#### DIRECTIONS
Each entry should be restated word for word, with all pictures left out.

== MATERIAL SUPPLIED ==

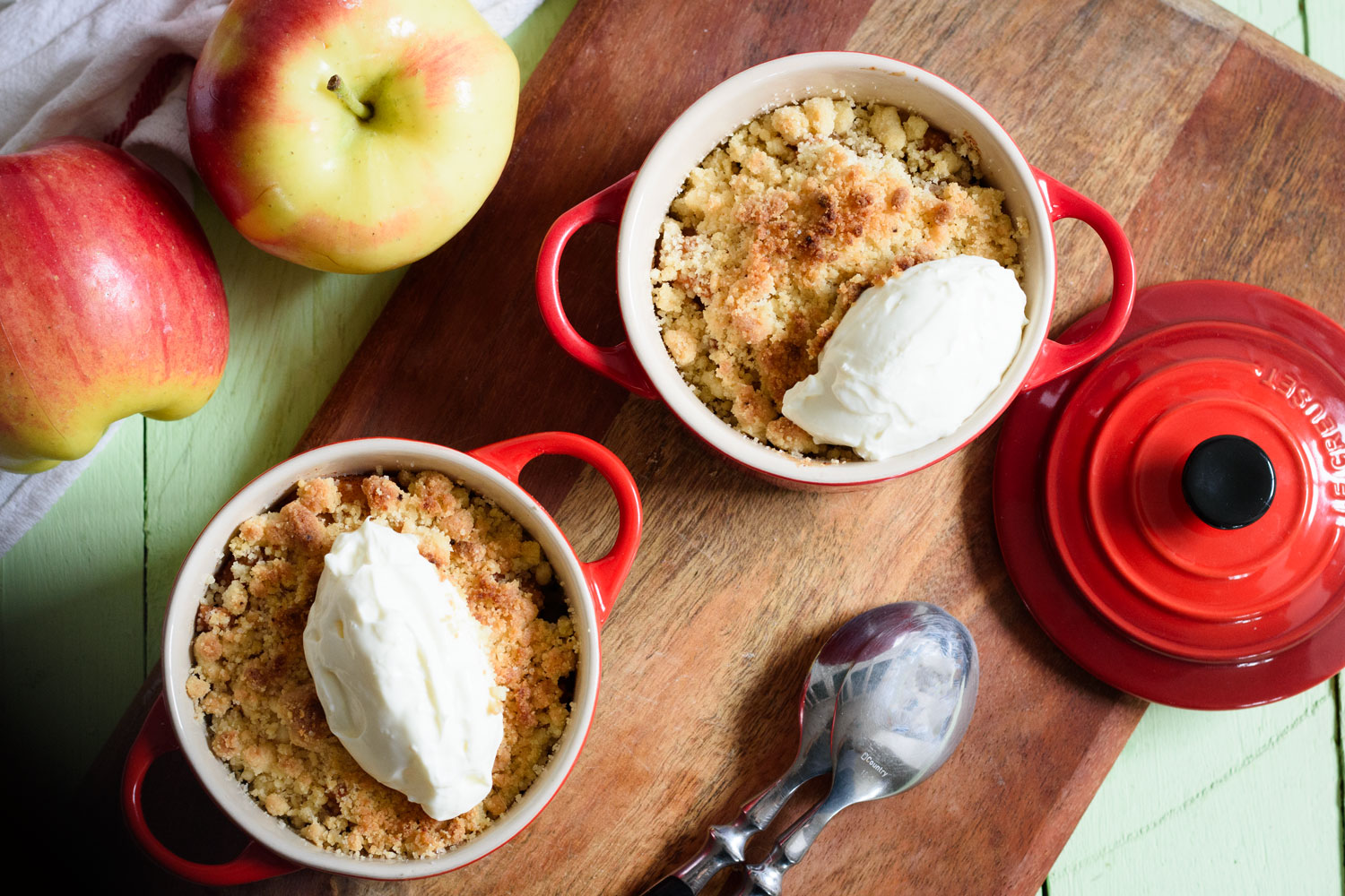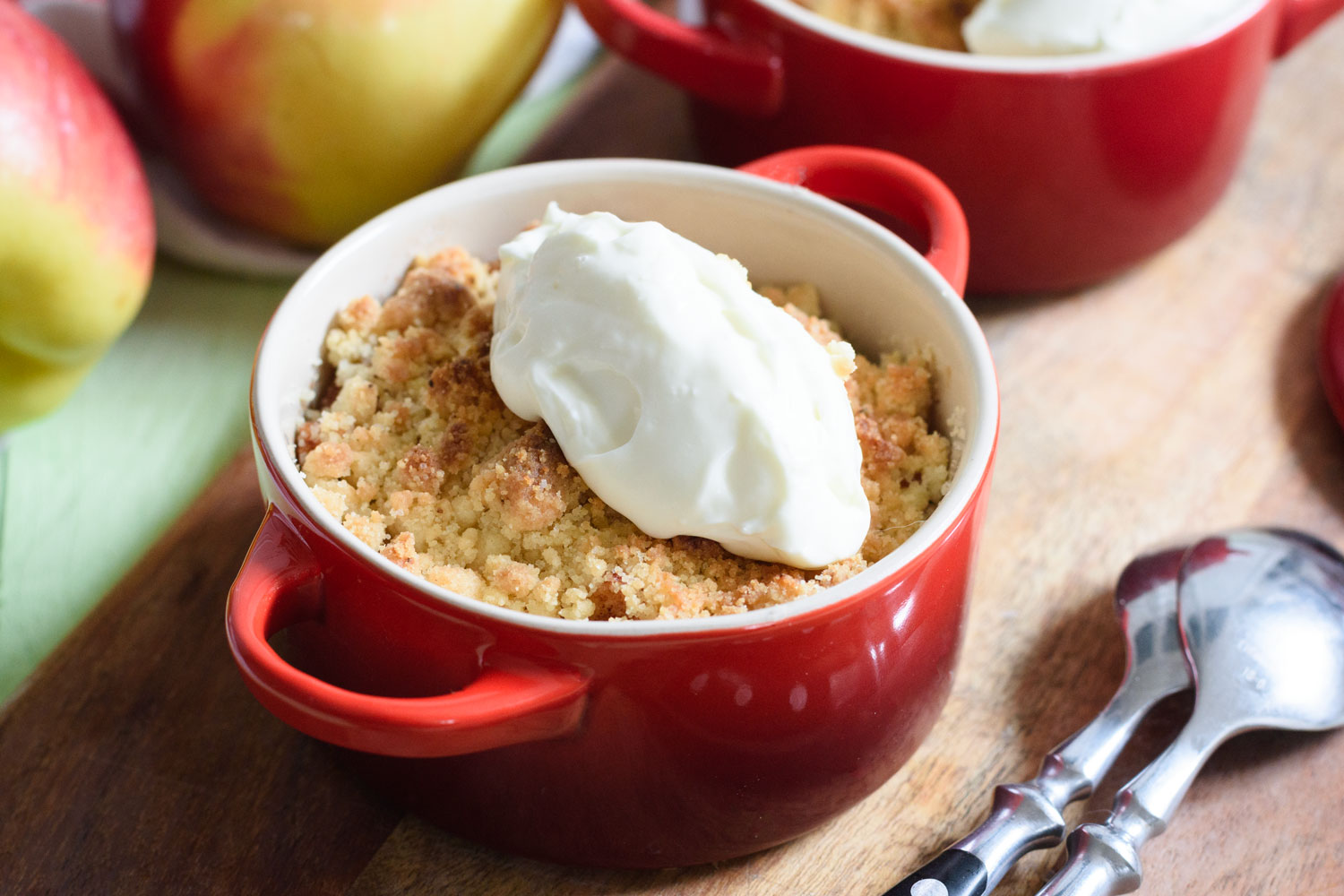 Si tienes antojo de algo dulce y rico. Aquí tienes una receta fácil y deliciosa en estas cazuelitas de crumble de manzana. Crujientes por fuera y jugosas por fuera.
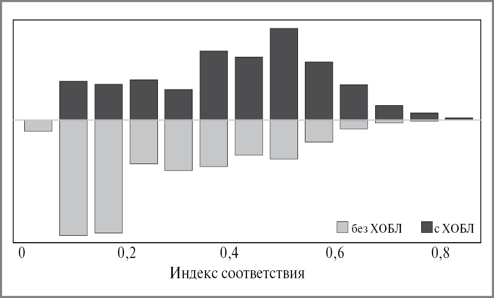 Скорректированные результаты, полученные в ходе двухфакторного логистического регрессионного анализа с учетом факта наличия ХОБЛ и рассчитанного ранее индекса соответствия, подтвердили указанные данные:
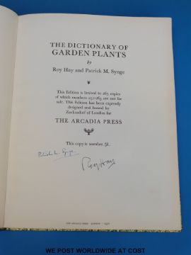 A signed limited edition (No 52 of 265) Dictionary of Garden Plants by Roy Hay and Patrick M Synge. Arcadia Press 1970, in fold over slip / box
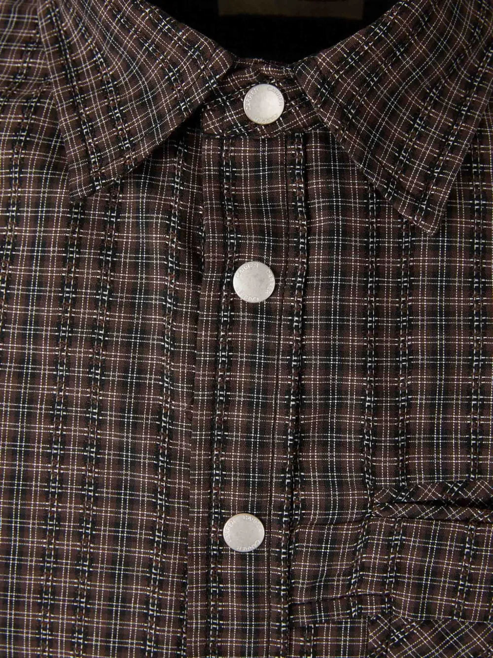 Коричневый хлопок застежка на пуговицы спереди клетчатый узор длинные рукава манжеты на пуговицах
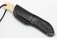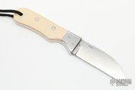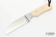 This sheepsfoot by Mick features a satin finished blade with notched thumbrest, .178" blade stock and 1.141" blade depth, full tang construction. The handle has stainless steel dovetailed bolsters and ivory paper micarta scales. Comes with a black leather sheath and a zippered case. Has some light scratches, otherwise excellent condition.
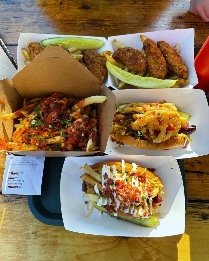 Everything in that picture was FANTASTIC. I ended up going with the Mayflower Beach Dog, which had skin-on fries, melted cheddar, bacon bits and a house-made garlic aioli on it, while my wife went with the West Dennis Beach Dog, which had macaroni and cheese, crispy onions and bacon bits on it. Both of them were crazy good! We ended up getting a side of the Dynamite Fries, which had queso cheese, bacon bits, green onions and sriracha. These were also fantastic.
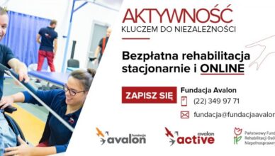 Działająca od 2006 r. Fundacja Avalon zaprasza osoby z niepełnosprawnością (ruchową lub neurologiczną) na bezpłatną, indywidualną rehabilitację online. To projekt ?Aktywność kluczem do

===

#### RESULT OF THE TASK
 Si tienes antojo de algo dulce y rico. Aquí tienes una receta fácil y deliciosa en estas cazuelitas de crumble de manzana. Crujientes por fuera y jugosas por fuera.
 Скорректированные результаты, полученные в ходе двухфакторного логистического регрессионного анализа с учетом факта наличия ХОБЛ и рассчитанного ранее индекса соответствия, подтвердили указанные данные:
 A signed limited edition (No 52 of 265) Dictionary of Garden Plants by Roy Hay and Patrick M Synge. Arcadia Press 1970, in fold over slip / box
 Коричневый хлопок застежка на пуговицы спереди клетчатый узор длинные рукава манжеты на пуговицах
 This sheepsfoot by Mick features a satin finished blade with notched thumbrest, .178" blade stock and 1.141" blade depth, full tang construction. The handle has stainless steel dovetailed bolsters and ivory paper micarta scales. Comes with a black leather sheath and a zippered case. Has some light scratches, otherwise excellent condition.
 Everything in that picture was FANTASTIC. I ended up going with the Mayflower Beach Dog, which had skin-on fries, melted cheddar, bacon bits and a house-made garlic aioli on it, while my wife went with the West Dennis Beach Dog, which had macaroni and cheese, crispy onions and bacon bits on it. Both of them were crazy good! We ended up getting a side of the Dynamite Fries, which had queso cheese, bacon bits, green onions and sriracha. These were also fantastic.
 Działająca od 2006 r. Fundacja Avalon zaprasza osoby z niepełnosprawnością (ruchową lub neurologiczną) na bezpłatną, indywidualną rehabilitację online. To projekt ?Aktywność kluczem do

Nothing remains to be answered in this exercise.